From the line containing "На главный фасад" to the last line of the data below, copy everything exactly and nothing else; pictures stay out.

Data block:

================================

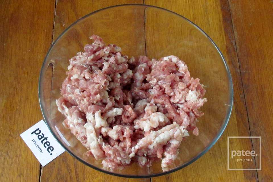 Свинину пропускаем через мясорубку.
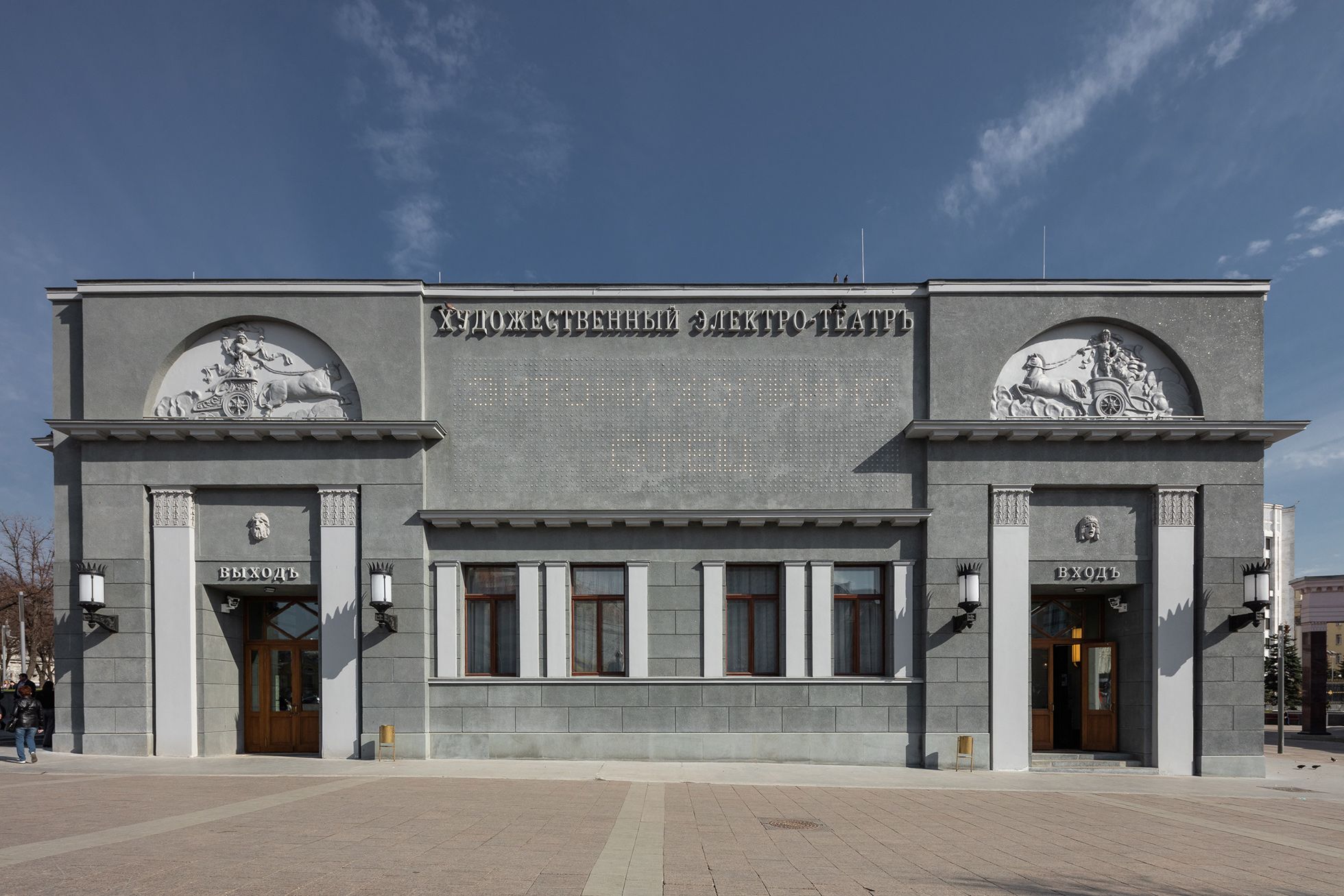 На главный фасад вернулись барельефы античных божеств Гелиоса и Селены, от которых избавились в 1950-е в ходе «борьбы с излишествами»; отреставрировали мужской и женский маскароны, а также надписи «Электро-театръ», «Входъ» и «Выходъ» (дореволюционная орфография сохранена) — все это воспроизвели по документам, предоставленным Центральным архивом научно-технической документации Москвы (ЦАНТД), Музеем архитектуры им. Щусева и другими источниками.
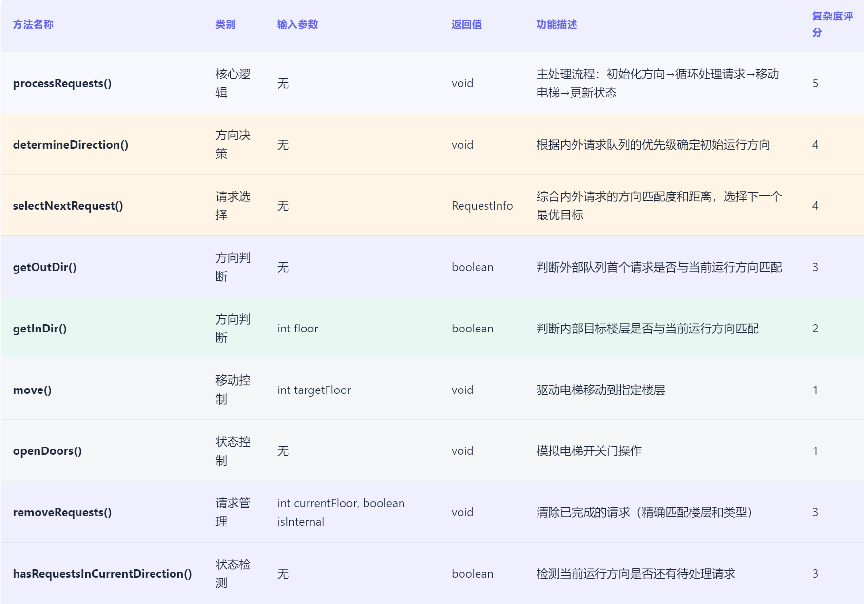 在 代码中,部分方法如 ControlSystem.decideProcessingOrder() 存在逻辑嵌套和复杂判断。我们可以进一步将相关逻辑模块化,例如将方向匹配的判断逻辑拆分到独立的小方法中,以提高代码可读性。同时,通过抽象通用接口或父类,隐藏具体实现细节,降低代码耦合度和复杂度,使代码更易于理解和维护。 - 增强调度算法的智能性
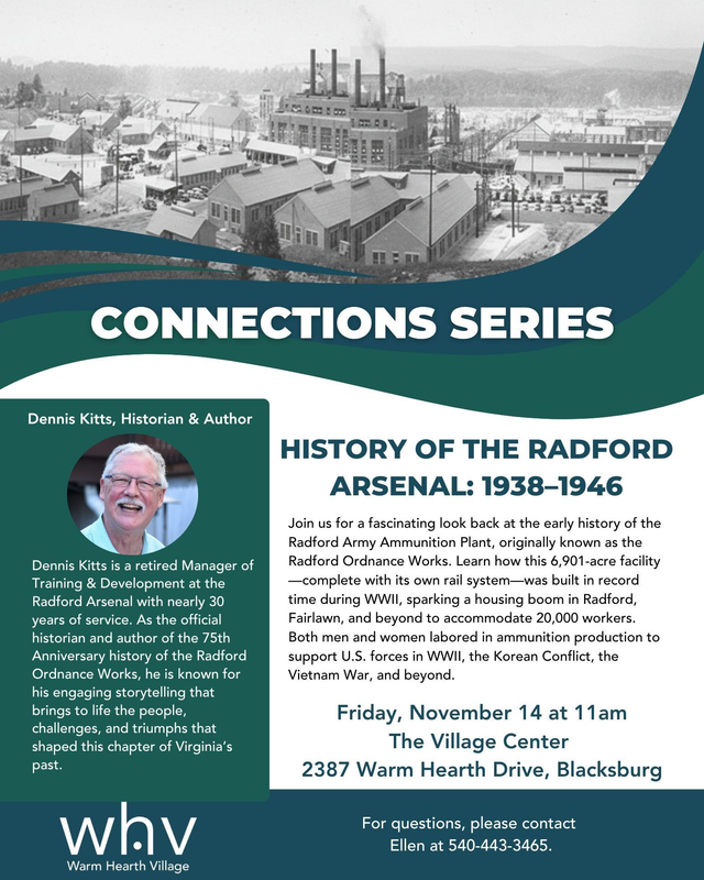 Warm Hearth Village presents the talk "History of the Radford Arsenal: 1938-1946" on Friday, November 14, 2025 at Warm Hearth Village Center in Blacksburg, VA.

================================

Solution for this exercise:
 На главный фасад вернулись барельефы античных божеств Гелиоса и Селены, от которых избавились в 1950-е в ходе «борьбы с излишествами»; отреставрировали мужской и женский маскароны, а также надписи «Электро-театръ», «Входъ» и «Выходъ» (дореволюционная орфография сохранена) — все это воспроизвели по документам, предоставленным Центральным архивом научно-технической документации Москвы (ЦАНТД), Музеем архитектуры им. Щусева и другими источниками.
 在 代码中,部分方法如 ControlSystem.decideProcessingOrder() 存在逻辑嵌套和复杂判断。我们可以进一步将相关逻辑模块化,例如将方向匹配的判断逻辑拆分到独立的小方法中,以提高代码可读性。同时,通过抽象通用接口或父类,隐藏具体实现细节,降低代码耦合度和复杂度,使代码更易于理解和维护。 - 增强调度算法的智能性
 Warm Hearth Village presents the talk "History of the Radford Arsenal: 1938-1946" on Friday, November 14, 2025 at Warm Hearth Village Center in Blacksburg, VA.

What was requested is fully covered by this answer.